Training#
After installing the software to train a model you can run the following to train a model you can use the direct train
command.
To train on a single machine run the following code block in your linux machine:
direct train <experiment_directory> --num-gpus <number_of_gpus> --cfg <path_or_url_to_yaml_file> \
[--training-root <training_data_root> --validation-root <validation_data_root>] [--other-flags]
To train on multiple machines run the following code (one command on each machine):
(machine0)$ direct train <experiment_directory> --num-gpus <number_of_gpus> --cfg <path_or_url_to_yaml_file> \
--machine-rank 0 --num-machines 2 --dist-url <URL> \
[--training-root <training_data_root> --validation-root <validation_data_root>] [--other-flags]
(machine1)$ direct train <experiment_directory> --num-gpus <number_of_gpus> --cfg <path_or_url_to_yaml_file> \
--machine-rank 1 --num-machines 2 --dist-url <URL> \
[--training-root <training_data_root> --validation-root <validation_data_root>] [--other-flags]
The above command will start the training and will create an experiment directory in <experiment_directory>/base_<experiment_name>
.
If you are performing an experiment on a CPU (not recommended) replace --num-gpus <number_of_gpus>
with --device 'cpu:0'
.
In <experiment_directory>/base_<experiment_name>
there will be stored the logs of the experiment, model checkpoints
(e.g model_<checkpoint_number>.pt
), training and validation metrics, and a config.yaml
file which includes all
the configuration parameters of the experiment (as stated in the yaml
file <path_or_url_to_yaml_file>
).
Some Datasets
(e.g. the FastMRI or Calgary-Campinas datasets) require to download the respective the training and validation data.

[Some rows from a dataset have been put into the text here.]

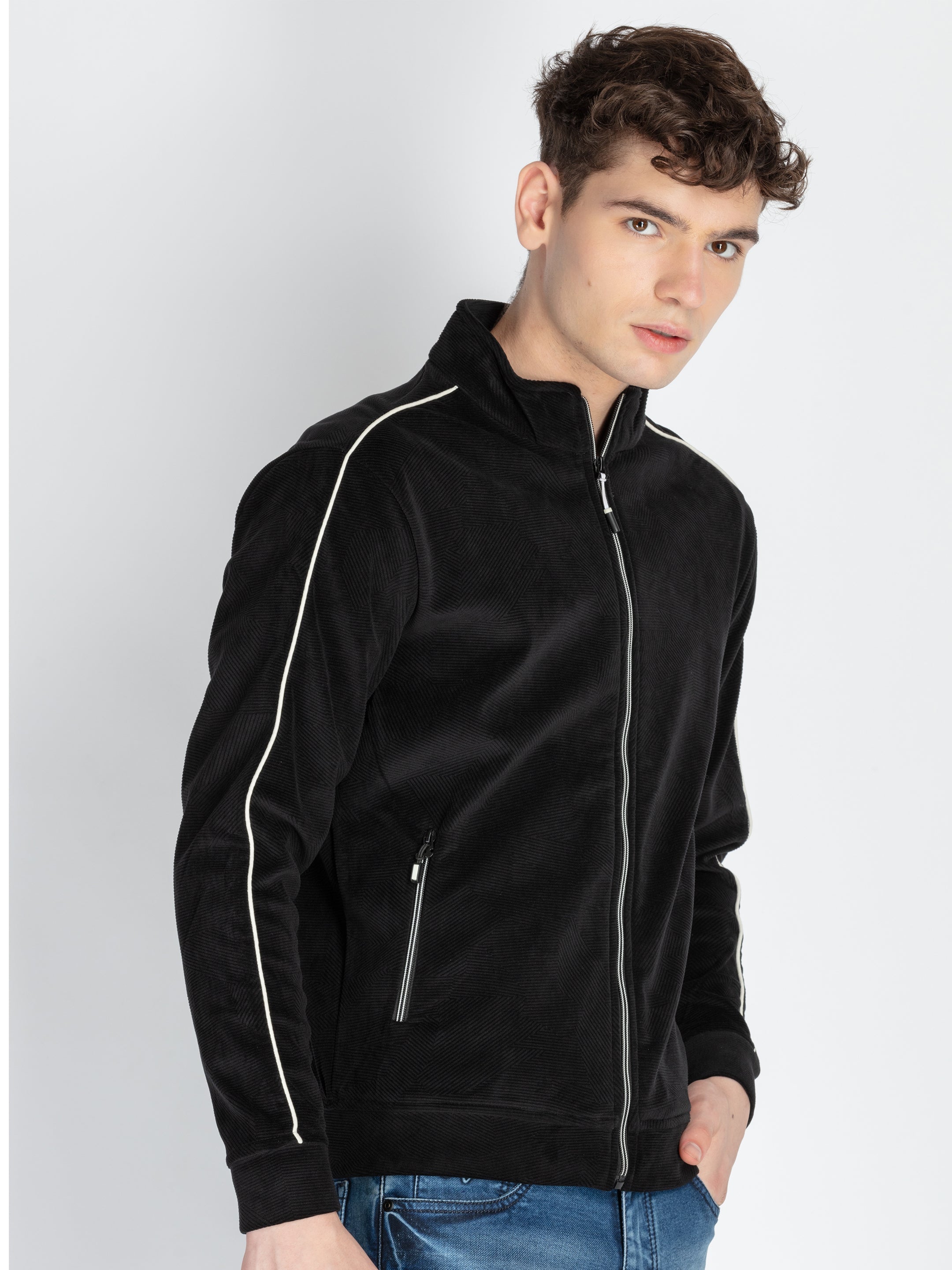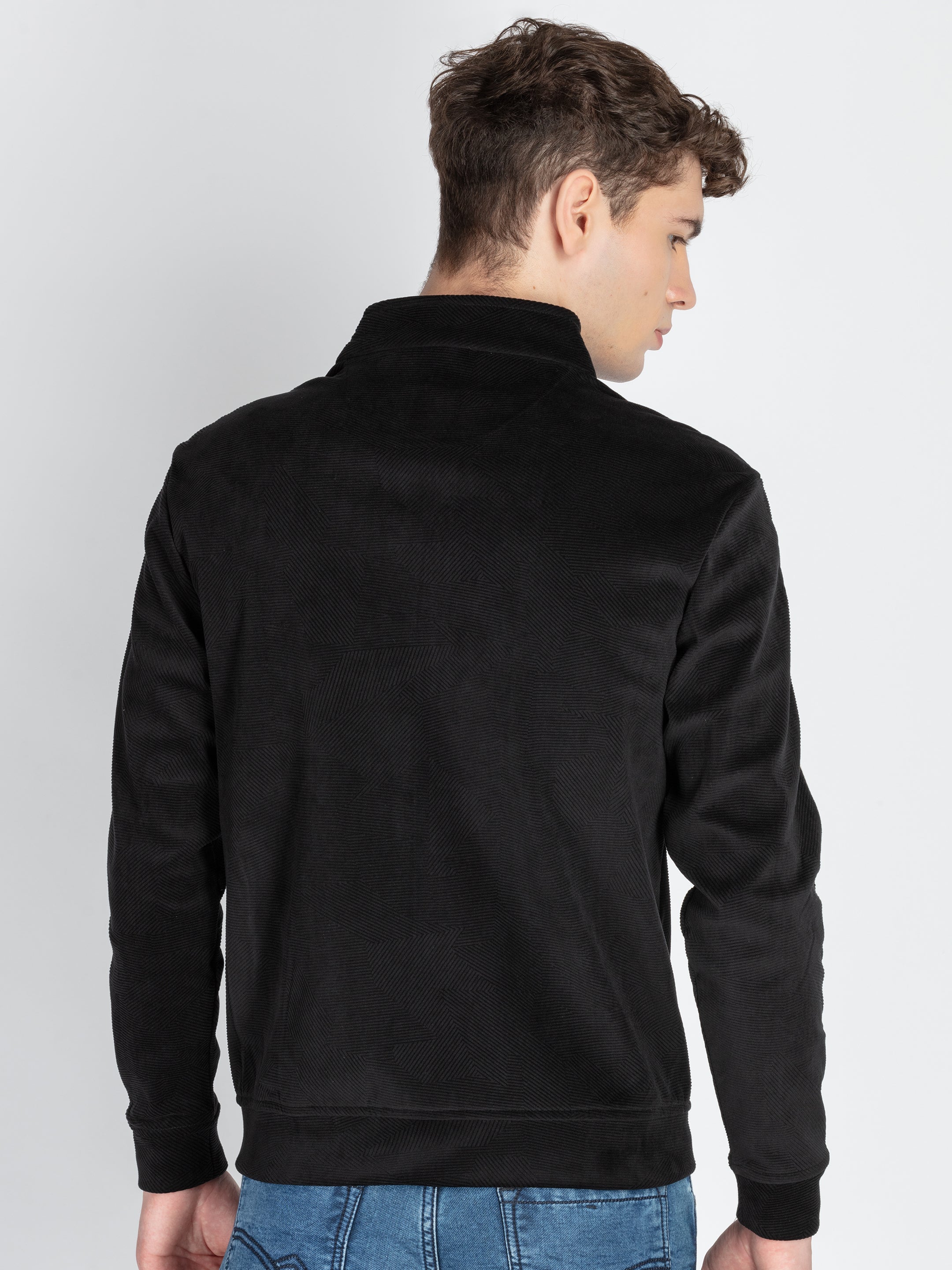 BLACK Lightweight Sweatshirt Has High Neck With Full Sleeves.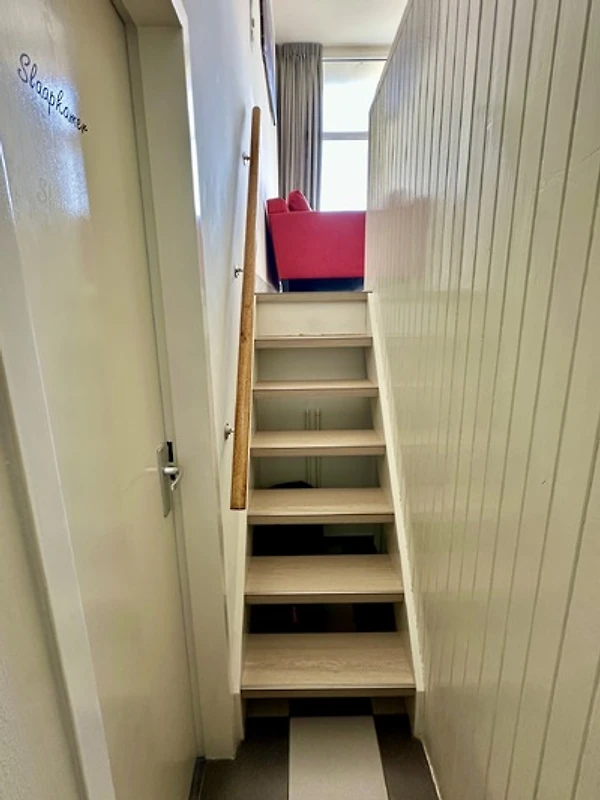 Via de trap bereikt u de woning. De open keuken is volledig uitgerust met o.a. een Nespresso- en filterkoffieapparaat, combimagnetron/oven etc. – alles wat u nodig heeft om een maaltijd te bereiden. Aangrenzend bevindt zich de badkamer. De badkamer is eenvoudig maar praktisch en biedt alles wat u nodig heeft: een douche, een wastafel en een haardroger.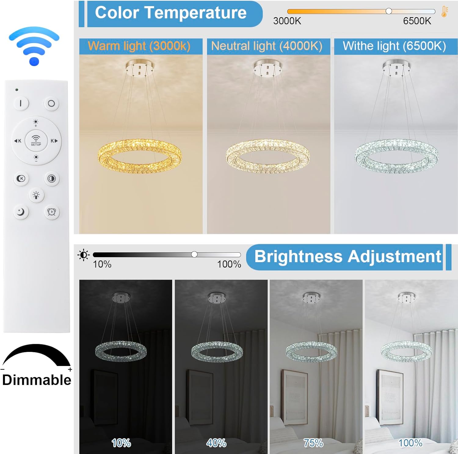 - Package Included: 1x round crystal chandelier, 1x remote, with mounting accessories and installation instructions for fast and easy installation.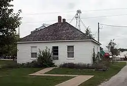 The first house in Hamilton, fittingly, was built by Davis in the summer of 1855, as well as the first business, a general store, in 1857. The store would serve as Hamilton's first post office and Davis as the first postmaster in 1858.[6] The Hannibal & St. Joseph Railroad was finally completed on February 14, 1859, and the first train arrived that day. A railroad depot was constructed by the fall of 1859, with Albert Gallatin Davis appointed the first railroad and express agent.[6]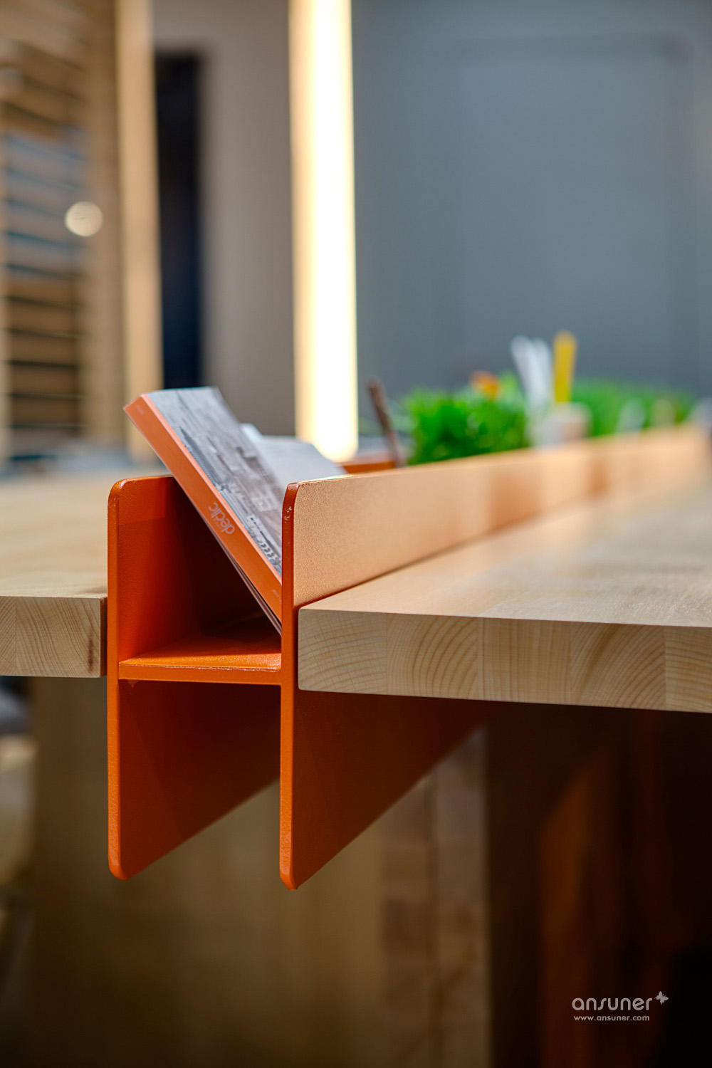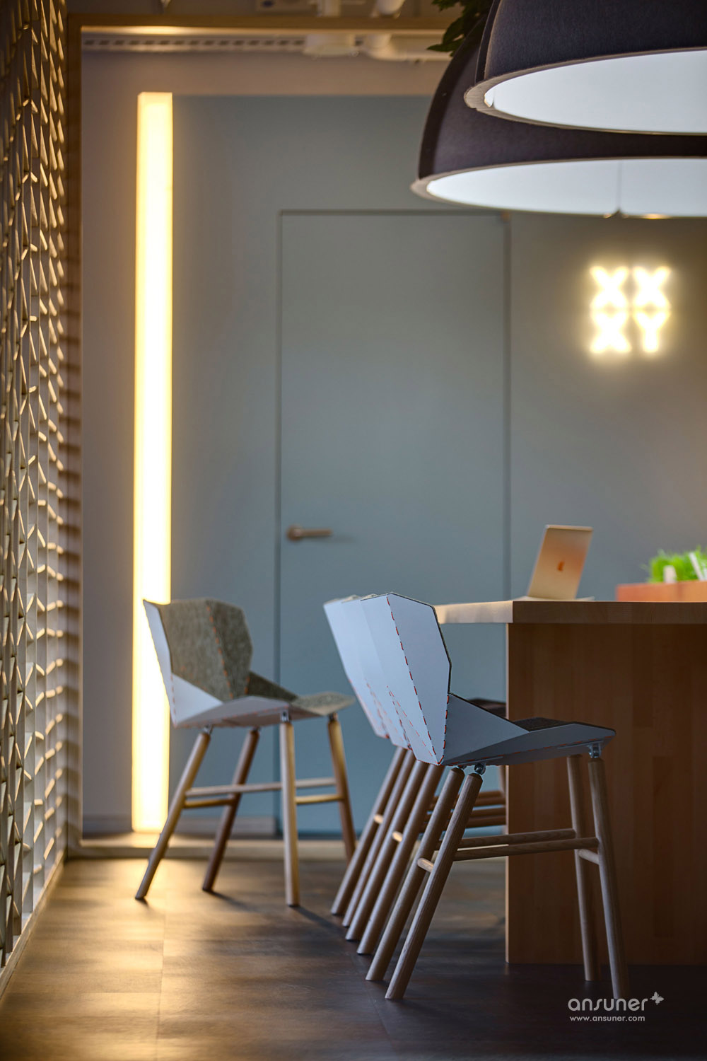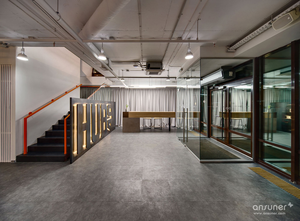 在一层的大厅,一幅热熔金属打造的“HUB 4.0”LOGO装饰板醒目的矗立眼前,其后的楼梯采用清透的玻璃护栏。动感明亮的灯光勾勒出长形的接待台。胶合板制作的创意隔墙界定了工作空间。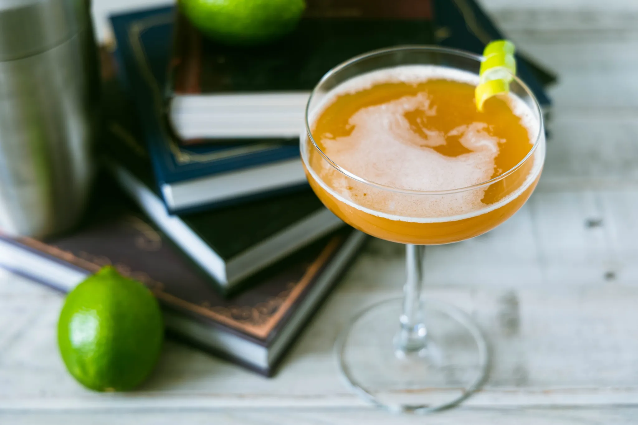 - Ajouter le jus de lime, le vermouth, le triple sec et l’Acerum ambré.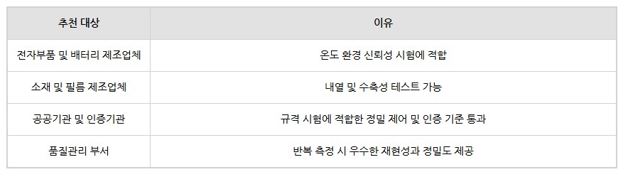 고급형 PID 터치 컨트롤러, 다양한 옵션 포트, 뛰어난 냉·가열 속도 등 시험 환경에 최적화된 성능을 제공합니다.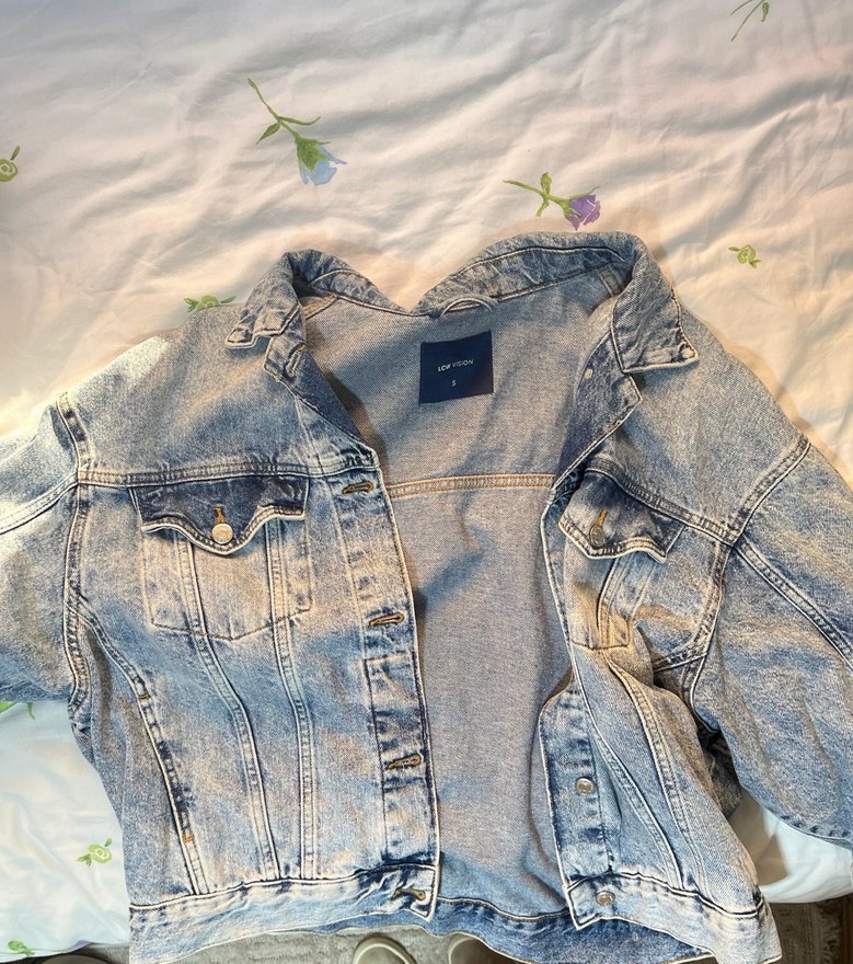Düğmeli, uzun kollu, salaş kesim ve çentikli yakalı bu kadın denim ceket, gri-mavi renkte ve normal boydadır. Sokak modasına uygun, günlük kullanıma elverişlidir.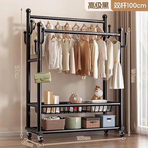 家用挂衣架卧室落地移动衣帽架玄关房间用次净衣服置物架晾晒衣杆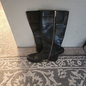 Leather boorsChic black ankle boots featuring a gold MK logo. Perfect for any outfit.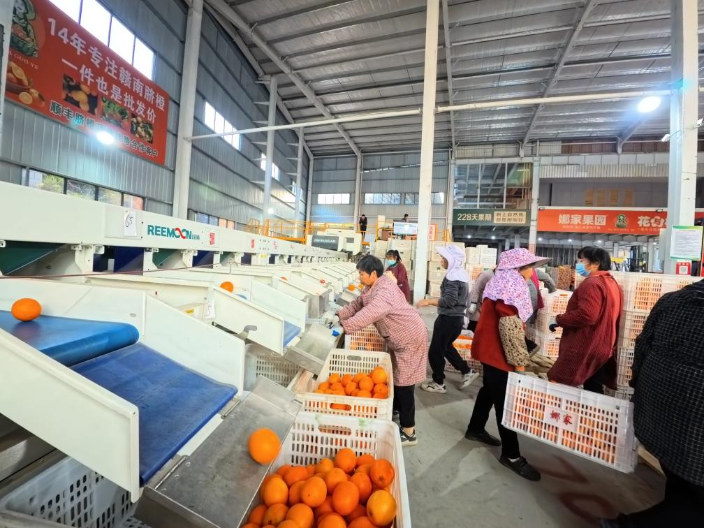 在江西省赣州市安远县橙皇现代农业发展有限公司的现代化智能分选车间,果径65至100毫米的脐橙鲜果,正源源不断地通过智能设备,被精准筛选为24个等级。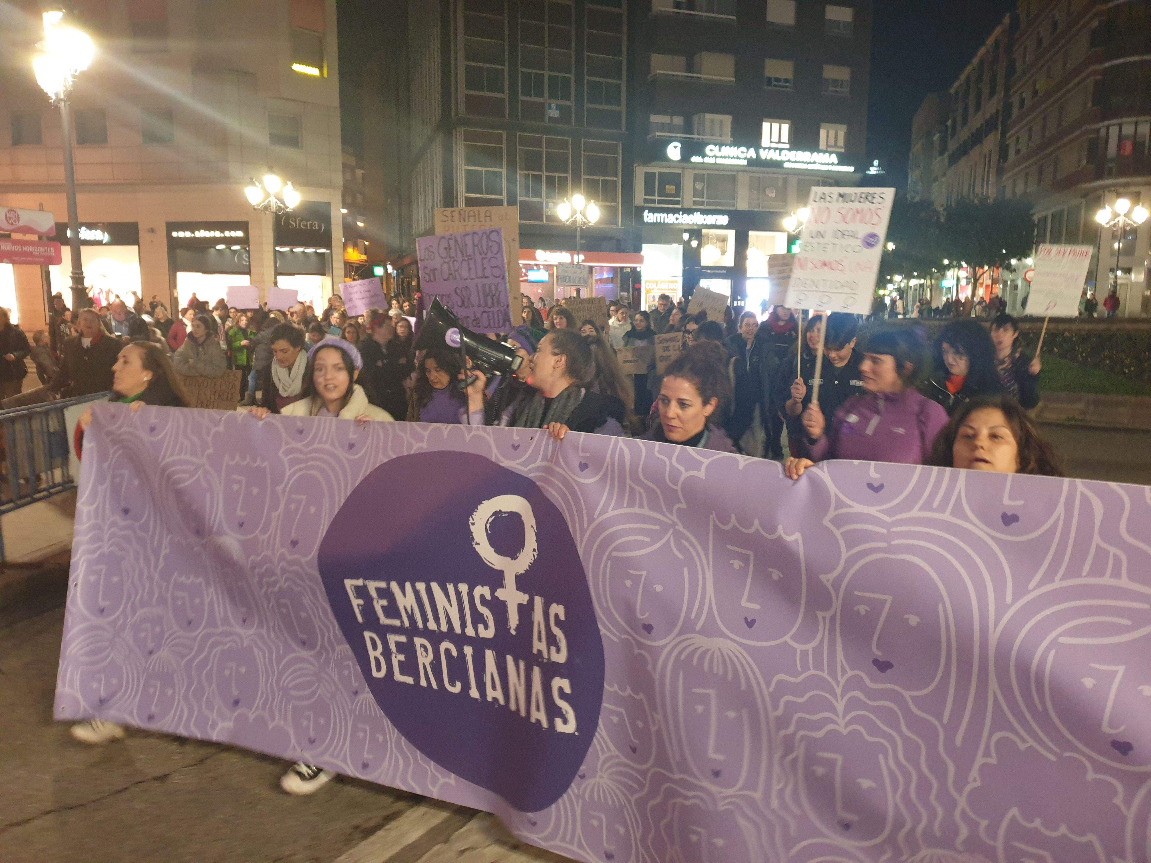 Una parte del movimiento feminista del Bierzo se ha manifestado este miércoles desde la Plaza de Lazúrtegui hasta la Plaza del Ayuntamiento. En la última convocatoria del 8M las mujeres asistentes y aliados han caminado juntas al 'ritmo' de las ya míticas proclamas del movimiento: '¡Que viva la lucha de las mujeres!'.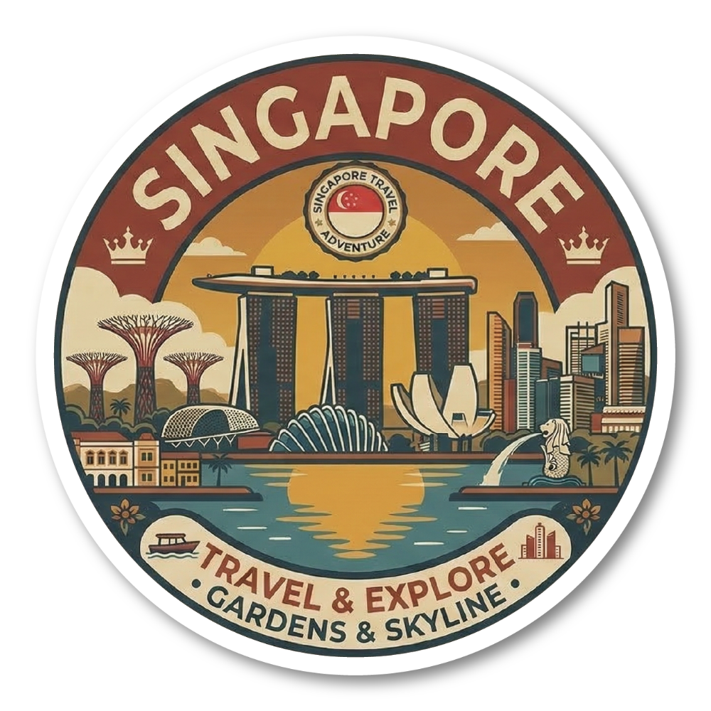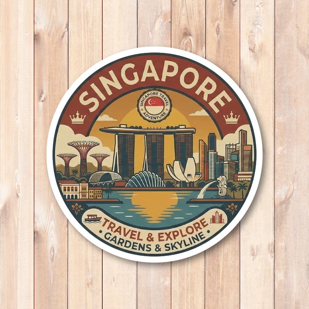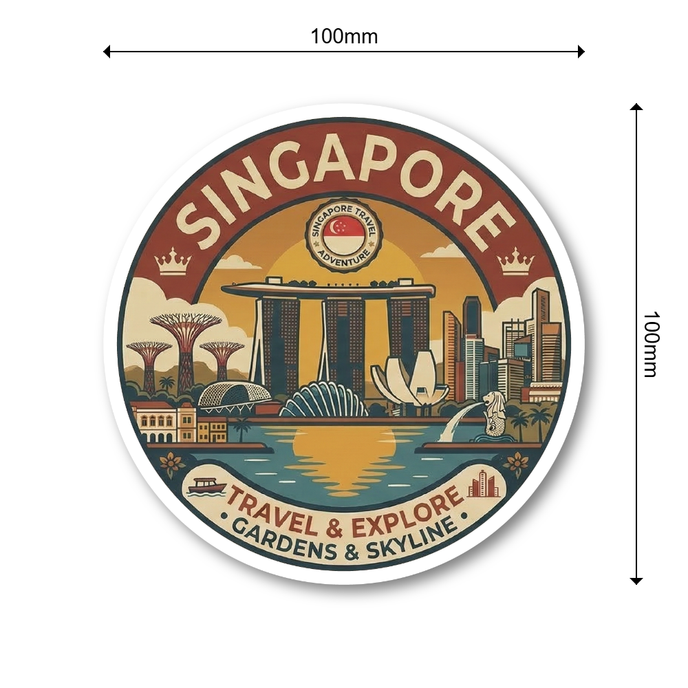 世界都市トラベルステッカー 円形 100mm パリ ローマ 東京 ソウル シンガポール ロンドン ニューヨーク バルセロナ 観光デザイン 防水 屋外対応 スーツケース 車用 シンガポール(SINGAPORE)

Assuming that the data are stored in training_data_root and validation_data_root, you can use the --training-root
and
--validation-root
flags to pass these arguments to the command line too. For instance:
direct train <experiment_directory> --training-root <training_data_root> --validation-root <validation_data_root> \
--num-gpus <number_of_gpus> --cfg <path_or_url_to_yaml_file> [--other-flags]
Training model configurations can be found in the projects
folder.
During training, training loss, validation metrics and validation image predictions are logged. Additionally, Tensorboard allows for visualization of the above.